[Opening Data for this exercise section]

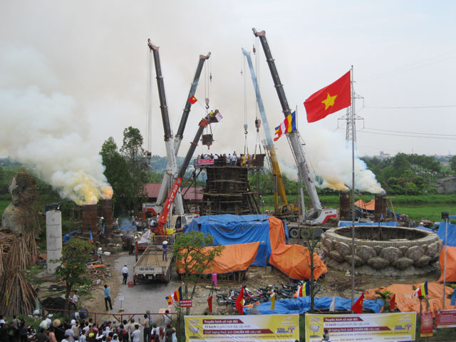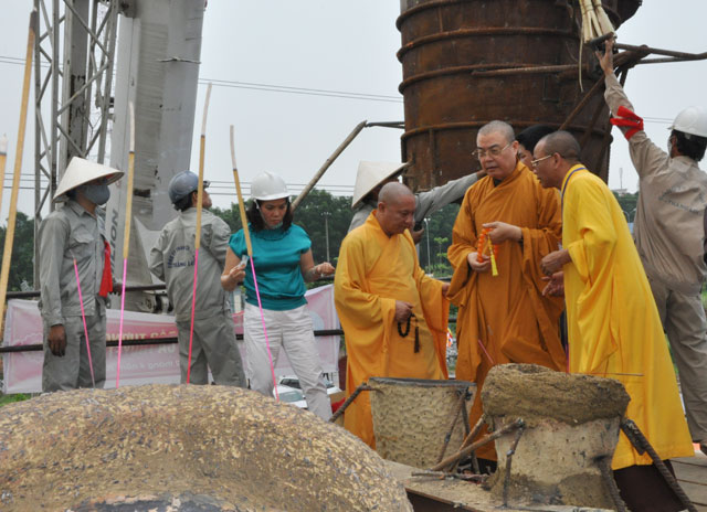 Công trình được khởi công phóng mẫu từ tháng 4/2011 do công ty Cổ phần Đầu tư Mỹ Thuật Việt Nam thực hiện, Tập đoàn Nam Cường làm chủ đầu tư; Giai đoạn đúc đồng sẽ do công ty TNHH đúc đồng Thắng Lợi, một đơn vị thuộc làng đúc đồng truyền thống nổi tiếng huyện Ý Yên, tỉnh Nam Định thực hiện.
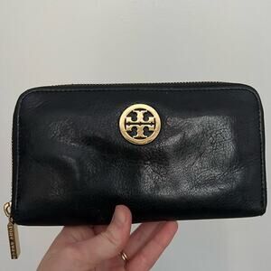 Tory Burch Black Leather Continental Ziparound Wallet GS
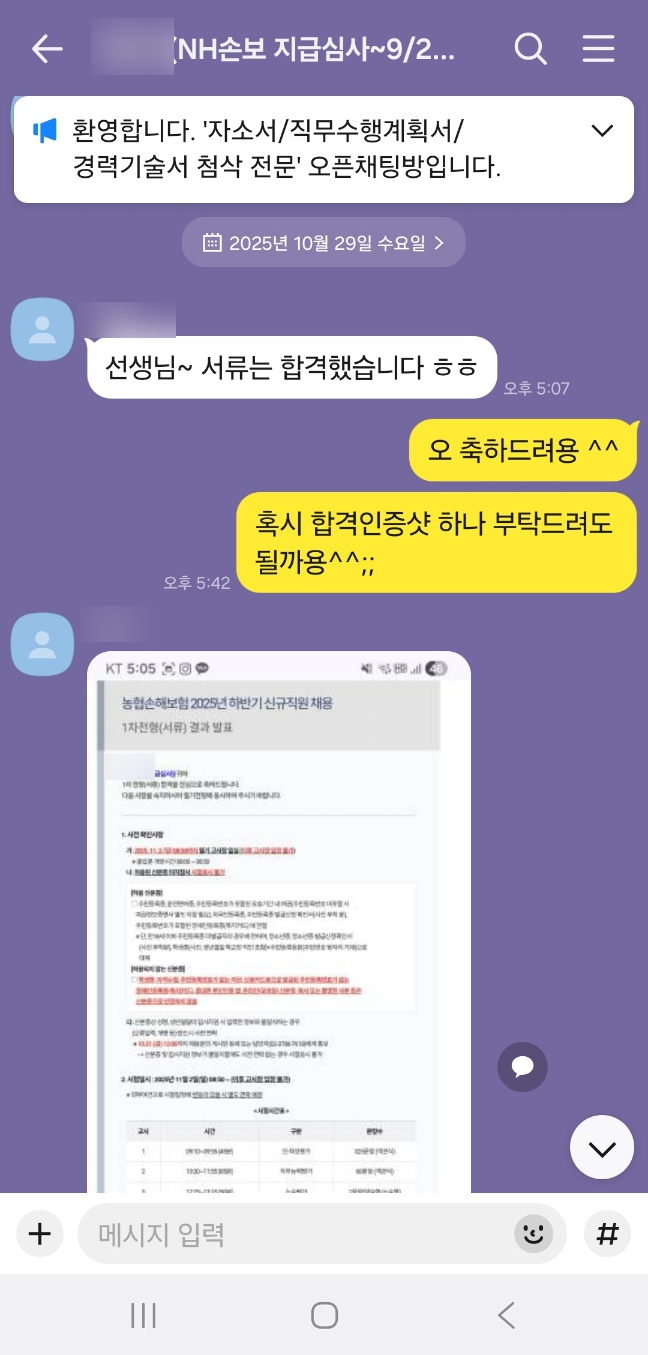 [서류합격] NH농협손해보험 자소서 첨삭후기
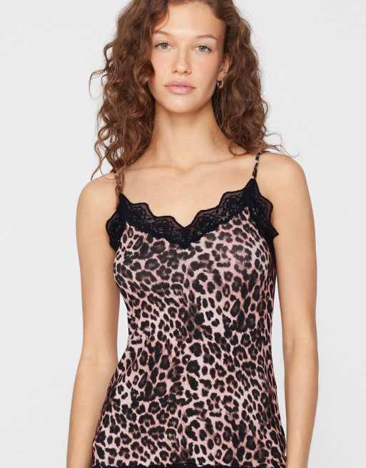 Tezenis V-neck camisole with lace insert in leopard print
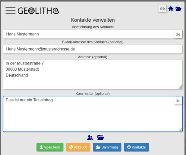 Per assegnare persone a eventi di qualsiasi tipo, ad esempio come scopritore, analista, donatore, ecc., è disponibile la gestione dei contatti. Qui potete creare contatti e, se necessario, assegnare anche documenti al contatto. È possibile memorizzare, ad esempio, una foto della persona o una scheda del collezionista in formato .jpg e .pdf.
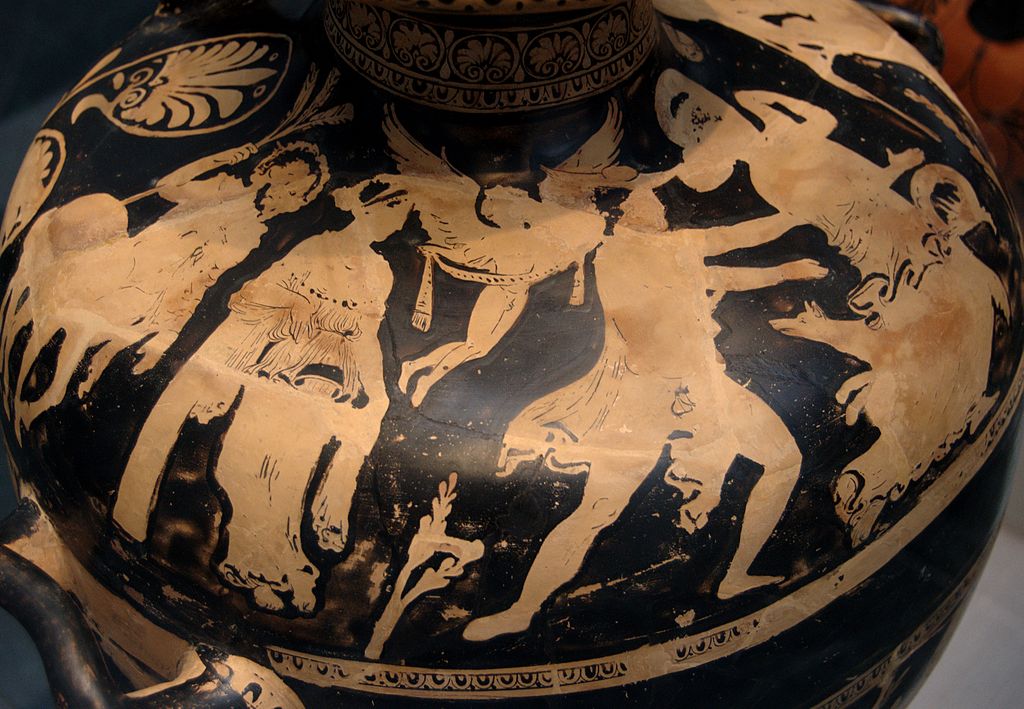 Τέταρτο άθλο του επέβαλε [ο Ευρυσθέας στον Ηρακλή] να φέρει ζωντανό τον Ερυμάνθιο κάπρο· αυτό το θηρίο, έχοντας για ορμητήριο το βουνό που ονομάζεται Ερύμανθος [στην Αρκαδία], κατέβαινε και προκαλούσε πολλές καταστροφές στην Ψωφίδα. Καθώς διέσχιζε τη Φολόη, φιλοξενήθηκε από τον Κένταυρο Φόλο, γιο του Σειληνού και μιας Νύμφης των μελιών [των δέντρων]. Αυτός προσέφερε ψημένα τα κρέατα στον Ηρακλή, ενώ ο ίδιος τα έτρωγε ωμά. Όταν ο Ηρακλής ζήτησε κρασί, απάντησε ότι φοβόταν να ανοίξει πιθάρι που ανήκε σε όλους τους Κενταύρους· με παρότρυνση του Ηρακλή να μην φοβάται, το άνοιξε. Αλλά οι Κένταυροι ένιωσαν τη μυρωδιά και μετά από λίγο έφτασαν στη σπηλιά του Φόλου, οπλισμένοι με πέτρες και έλατα. Τους πρώτους που τόλμησαν να μπουν μέσα, τον Άγχιο και τον Άγριο, ο Ηρακλής τους έτρεψε σε φυγή χτυπώντας τους με δαυλούς, ενώ τους υπόλοιπους τους κυνήγησε τοξεύοντάς τους μέχρι τον Μαλέα. Από εκεί κατέφυγαν στον Χείρωνα που, διωγμένος από τους Λαπίθες από το Πήλιο, κατοικούσε στον Μαλέα. Και καθώς οι Κένταυροι μαζεύτηκαν γύρω του, ο Ηρακλής τους σημάδεψε με το τόξο του και έριξε ένα βέλος που διαπέρασε το μπράτσο του Έλατου και σφηνώθηκε στο γόνατο του Χείρωνα. Φαρμακωμένος ο Ηρακλής από το γεγονός, έτρεξε να τραβήξει το βέλος και έβαλε επάνω στην πληγή ένα φάρμακο που του έδωσε ο Χείρωνας. Επειδή όμως το τραύμα ήταν ανίατο [τα βέλη του Ηρακλή ήταν φαρμακερά], εκείνος αποτραβήχτηκε στο σπήλαιο. Και εκεί, μη μπορώντας να πεθάνει, επειδή ήταν αθάνατος, ο Προμηθέας [που παλιά ήταν θνητός] προσφέρθηκε στον Δία να τον κάνει αθάνατο στη θέση εκείνου· και έτσι πέθανε ο Χείρωνας. (Εικ. 1981) Οι υπόλοιποι Κένταυροι σκόρπισαν· κάποιοι έφτασαν στο όρος Μαλέα, ο Ευρυτίωνας στη Φολόη, ο Νέσσος στον ποταμό Εύηνο. Τους υπόλοιπους τους δέχθηκε ο Ποσειδώνας στην Ελευσίνα και τους σκέπασε με ένα βουνό. Όσο για τον Φόλο, καθώς τράβηξε από ένα σκοτωμένο Κένταυρο το βέλος, απορούσε πώς κάτι τόσο μικρό σκότωσε αυτούς που ήταν τόσο γιγαντόσωμοι· γλίστρησε όμως από το χέρι του, έπεσε στο πόδι του και τον σκότωσε αμέσως. Όταν ο Ηρακλής επέστρεψε στη Φολόη και αντίκρισε νεκρό τον Φόλο, τον έθαψε και στη συνέχεια καταπιάστηκε με το κυνήγι του αγριογούρουνου· (Απολλόδωρος 2.5.4)
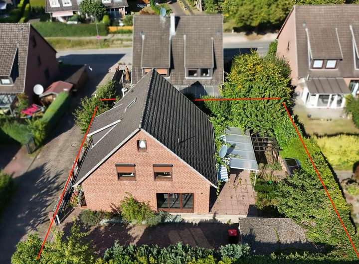 Das Haus wurde in massiver Bauweise mit rotem Verblendmauerwerk errichtet, ist voll unterkellert und verfügt über fünf reguläre Zimmer sowie zwei zusätzliche Räume im ausgebauten Dachgeschoss.
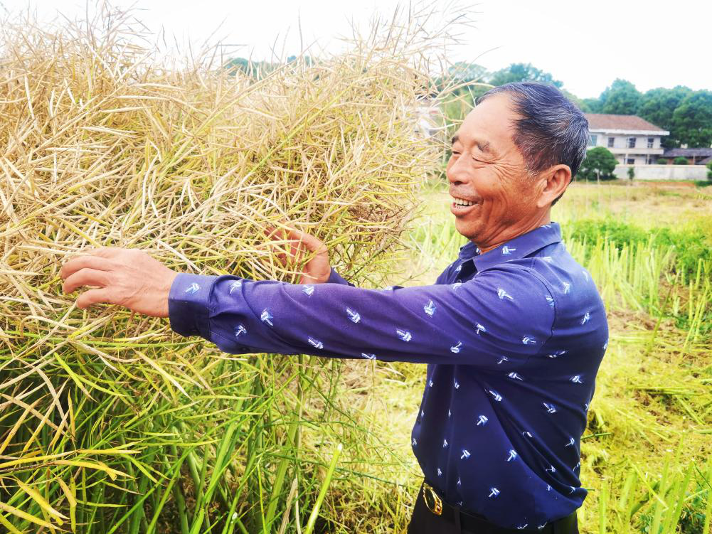 “这是我种油菜十年来的最好收成。”合作社的带动户浦口镇保丰村老姚乐呵呵地说,今年种植的油菜亩均产籽128.4公斤,亩均收益增加200元,明年将扩大种植面积。
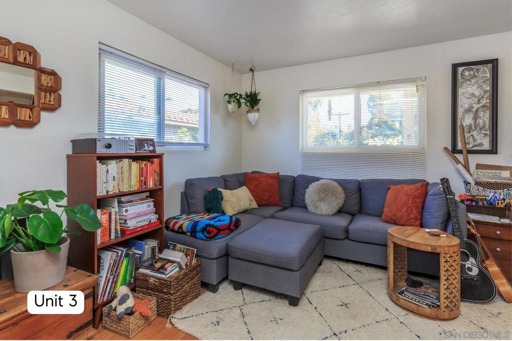 Once in a lifetime opportunity in prime Encinitas Highlands location: five unit opportunity! FIFTH UNIT is single family HOME~charming, spacious 3 br, 2 ba, approx. 1350 sq ft, with hardwood floors, remodeled kitchen, family room, dedicated laundry facilities & dedicated fenced front & rear yards. The 4 one bedroom units are located in separate building on rear portion of large 9818 sq ft lot. Four 1 br. units share large fenced yard & share coin-operated laundry facilities & storage areas. A truly rare opportunity to purchase an income property of this caliber within easy walk to the vibrant village of downtown Encinitas with shops, restaurants, library, Enc. train station, Moonlight Beach, Swamis Beach park, & more! All units updated with renovated kitchens + one unit has deck & one unit has a patio. Roofs recently updated &/or replaced. Easy beach cruiser ride to Cardiff with Cardiff Market & Leucadia with farmer's market, restaurants & more. Short walk from property to La Paloma Theater, Encinitas Library & 3 beaches. Property is well-maintained reflecting present owner's pride of ownership & excellent management during their ownership. Dedicated parking spaces for all units, plus additional parking in driveway. Over-sized 9818 sq ft lot presents an incredible value in itself, in addition to the first class location: both of which ensure continued consistent+maximized income potential. All units consistently rented with no vacancies. See attachments in MLS for seller's P & L , rent roll. income statement, more info on units from City of Enc. & state housing info. . Ideal opportunity for owner occupant in main house, enjoying excellent rental income from the four 1 br. units! Present rent on 3 br. home is below market due to tenants being in residency for long time. Home lease and 3 other leases on 1 br units are presently month to month. Prospects to review all attachments in MLS: including rent roll, income statement/P&L, and information regarding rentals in City of Encinitas, prior to writing offer. This property represents an amazing once in a lifetime opportunity= an excellent real estate investment is all about location, location, location, and timing...and this property offers both. Units & home consistently rented. One partner in LLC is licensed to sell real estate in Calif. Two water meters, one gas and electric meter. Owner pro-rates utility costs over the five units which are paid to seller monthly with actual rents. Pro-rated utility reimbursements are included in the rents reflected in MLS, and on rent roll attachment. Amazing opportunity to live west of I-5 within walking distance to the village of Encinitas, 3 world class beaches, Enc Library, Enc. train station, La Paloma Theater, dog parks and more! Great value for owner occupied buyer to live in front house and enjoy the excellent rental income that the four units in the rear of the property provide! Or achieve additional excellent rental income from main house as well. RENTS: Front home rent is below market due to long term tenant in occupancy, which is now on a month to month tenancy: present rent: $4800 + monthly pro-rated utility reimbursement to owner of $230=$5030 mo. total income on this unit). All rents reflected in MLS include tenants additional pro-rated utility reimbursement to seller each month: Each charming, light & bright 1 br unit pays pro-rated $115 a month for their utilities in addition to their actual rents. Same pro-rated utility reimbursements are included in the rental income numbers in MLS & on P&L attachment ) Seller disclosure: brick fireplace in main house is not being used at this time. Seller has estimate for recommended maintenance~available upon request.
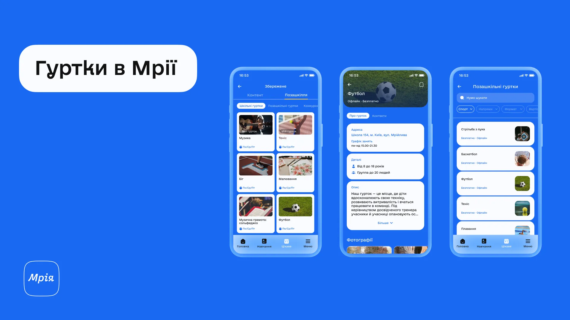 У застосунку можна буде шукати активності поблизу дому чи школи, переглядати розклад і зберігати вибране. З часом функціонал доповнять можливістю запису та відстеження занять прямо в Мрії.
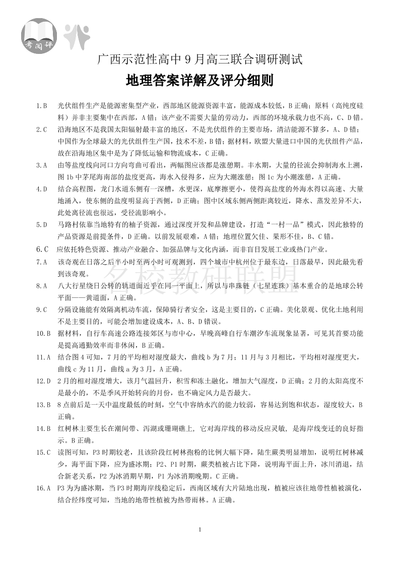 考阅评·广西示高2025年9月高三联考 地理答案.pdf

[Closing Data for this exercise section]

== Work instructions ==
Nothing but an exact copy of the data, without pictures, should be returned.

== Solution to this problem ==
 Công trình được khởi công phóng mẫu từ tháng 4/2011 do công ty Cổ phần Đầu tư Mỹ Thuật Việt Nam thực hiện, Tập đoàn Nam Cường làm chủ đầu tư; Giai đoạn đúc đồng sẽ do công ty TNHH đúc đồng Thắng Lợi, một đơn vị thuộc làng đúc đồng truyền thống nổi tiếng huyện Ý Yên, tỉnh Nam Định thực hiện.
 Tory Burch Black Leather Continental Ziparound Wallet GS
 [서류합격] NH농협손해보험 자소서 첨삭후기
 Tezenis V-neck camisole with lace insert in leopard print
 Per assegnare persone a eventi di qualsiasi tipo, ad esempio come scopritore, analista, donatore, ecc., è disponibile la gestione dei contatti. Qui potete creare contatti e, se necessario, assegnare anche documenti al contatto. È possibile memorizzare, ad esempio, una foto della persona o una scheda del collezionista in formato .jpg e .pdf.
 Τέταρτο άθλο του επέβαλε [ο Ευρυσθέας στον Ηρακλή] να φέρει ζωντανό τον Ερυμάνθιο κάπρο· αυτό το θηρίο, έχοντας για ορμητήριο το βουνό που ονομάζεται Ερύμανθος [στην Αρκαδία], κατέβαινε και προκαλούσε πολλές καταστροφές στην Ψωφίδα. Καθώς διέσχιζε τη Φολόη, φιλοξενήθηκε από τον Κένταυρο Φόλο, γιο του Σειληνού και μιας Νύμφης των μελιών [των δέντρων]. Αυτός προσέφερε ψημένα τα κρέατα στον Ηρακλή, ενώ ο ίδιος τα έτρωγε ωμά. Όταν ο Ηρακλής ζήτησε κρασί, απάντησε ότι φοβόταν να ανοίξει πιθάρι που ανήκε σε όλους τους Κενταύρους· με παρότρυνση του Ηρακλή να μην φοβάται, το άνοιξε. Αλλά οι Κένταυροι ένιωσαν τη μυρωδιά και μετά από λίγο έφτασαν στη σπηλιά του Φόλου, οπλισμένοι με πέτρες και έλατα. Τους πρώτους που τόλμησαν να μπουν μέσα, τον Άγχιο και τον Άγριο, ο Ηρακλής τους έτρεψε σε φυγή χτυπώντας τους με δαυλούς, ενώ τους υπόλοιπους τους κυνήγησε τοξεύοντάς τους μέχρι τον Μαλέα. Από εκεί κατέφυγαν στον Χείρωνα που, διωγμένος από τους Λαπίθες από το Πήλιο, κατοικούσε στον Μαλέα. Και καθώς οι Κένταυροι μαζεύτηκαν γύρω του, ο Ηρακλής τους σημάδεψε με το τόξο του και έριξε ένα βέλος που διαπέρασε το μπράτσο του Έλατου και σφηνώθηκε στο γόνατο του Χείρωνα. Φαρμακωμένος ο Ηρακλής από το γεγονός, έτρεξε να τραβήξει το βέλος και έβαλε επάνω στην πληγή ένα φάρμακο που του έδωσε ο Χείρωνας. Επειδή όμως το τραύμα ήταν ανίατο [τα βέλη του Ηρακλή ήταν φαρμακερά], εκείνος αποτραβήχτηκε στο σπήλαιο. Και εκεί, μη μπορώντας να πεθάνει, επειδή ήταν αθάνατος, ο Προμηθέας [που παλιά ήταν θνητός] προσφέρθηκε στον Δία να τον κάνει αθάνατο στη θέση εκείνου· και έτσι πέθανε ο Χείρωνας. (Εικ. 1981) Οι υπόλοιποι Κένταυροι σκόρπισαν· κάποιοι έφτασαν στο όρος Μαλέα, ο Ευρυτίωνας στη Φολόη, ο Νέσσος στον ποταμό Εύηνο. Τους υπόλοιπους τους δέχθηκε ο Ποσειδώνας στην Ελευσίνα και τους σκέπασε με ένα βουνό. Όσο για τον Φόλο, καθώς τράβηξε από ένα σκοτωμένο Κένταυρο το βέλος, απορούσε πώς κάτι τόσο μικρό σκότωσε αυτούς που ήταν τόσο γιγαντόσωμοι· γλίστρησε όμως από το χέρι του, έπεσε στο πόδι του και τον σκότωσε αμέσως. Όταν ο Ηρακλής επέστρεψε στη Φολόη και αντίκρισε νεκρό τον Φόλο, τον έθαψε και στη συνέχεια καταπιάστηκε με το κυνήγι του αγριογούρουνου· (Απολλόδωρος 2.5.4)
 Das Haus wurde in massiver Bauweise mit rotem Verblendmauerwerk errichtet, ist voll unterkellert und verfügt über fünf reguläre Zimmer sowie zwei zusätzliche Räume im ausgebauten Dachgeschoss.
 “这是我种油菜十年来的最好收成。”合作社的带动户浦口镇保丰村老姚乐呵呵地说,今年种植的油菜亩均产籽128.4公斤,亩均收益增加200元,明年将扩大种植面积。
 Once in a lifetime opportunity in prime Encinitas Highlands location: five unit opportunity! FIFTH UNIT is single family HOME~charming, spacious 3 br, 2 ba, approx. 1350 sq ft, with hardwood floors, remodeled kitchen, family room, dedicated laundry facilities & dedicated fenced front & rear yards. The 4 one bedroom units are located in separate building on rear portion of large 9818 sq ft lot. Four 1 br. units share large fenced yard & share coin-operated laundry facilities & storage areas. A truly rare opportunity to purchase an income property of this caliber within easy walk to the vibrant village of downtown Encinitas with shops, restaurants, library, Enc. train station, Moonlight Beach, Swamis Beach park, & more! All units updated with renovated kitchens + one unit has deck & one unit has a patio. Roofs recently updated &/or replaced. Easy beach cruiser ride to Cardiff with Cardiff Market & Leucadia with farmer's market, restaurants & more. Short walk from property to La Paloma Theater, Encinitas Library & 3 beaches. Property is well-maintained reflecting present owner's pride of ownership & excellent management during their ownership. Dedicated parking spaces for all units, plus additional parking in driveway. Over-sized 9818 sq ft lot presents an incredible value in itself, in addition to the first class location: both of which ensure continued consistent+maximized income potential. All units consistently rented with no vacancies. See attachments in MLS for seller's P & L , rent roll. income statement, more info on units from City of Enc. & state housing info. . Ideal opportunity for owner occupant in main house, enjoying excellent rental income from the four 1 br. units! Present rent on 3 br. home is below market due to tenants being in residency for long time. Home lease and 3 other leases on 1 br units are presently month to month. Prospects to review all attachments in MLS: including rent roll, income statement/P&L, and information regarding rentals in City of Encinitas, prior to writing offer. This property represents an amazing once in a lifetime opportunity= an excellent real estate investment is all about location, location, location, and timing...and this property offers both. Units & home consistently rented. One partner in LLC is licensed to sell real estate in Calif. Two water meters, one gas and electric meter. Owner pro-rates utility costs over the five units which are paid to seller monthly with actual rents. Pro-rated utility reimbursements are included in the rents reflected in MLS, and on rent roll attachment. Amazing opportunity to live west of I-5 within walking distance to the village of Encinitas, 3 world class beaches, Enc Library, Enc. train station, La Paloma Theater, dog parks and more! Great value for owner occupied buyer to live in front house and enjoy the excellent rental income that the four units in the rear of the property provide! Or achieve additional excellent rental income from main house as well. RENTS: Front home rent is below market due to long term tenant in occupancy, which is now on a month to month tenancy: present rent: $4800 + monthly pro-rated utility reimbursement to owner of $230=$5030 mo. total income on this unit). All rents reflected in MLS include tenants additional pro-rated utility reimbursement to seller each month: Each charming, light & bright 1 br unit pays pro-rated $115 a month for their utilities in addition to their actual rents. Same pro-rated utility reimbursements are included in the rental income numbers in MLS & on P&L attachment ) Seller disclosure: brick fireplace in main house is not being used at this time. Seller has estimate for recommended maintenance~available upon request.
 У застосунку можна буде шукати активності поблизу дому чи школи, переглядати розклад і зберігати вибране. З часом функціонал доповнять можливістю запису та відстеження занять прямо в Мрії.
 考阅评·广西示高2025年9月高三联考 地理答案.pdf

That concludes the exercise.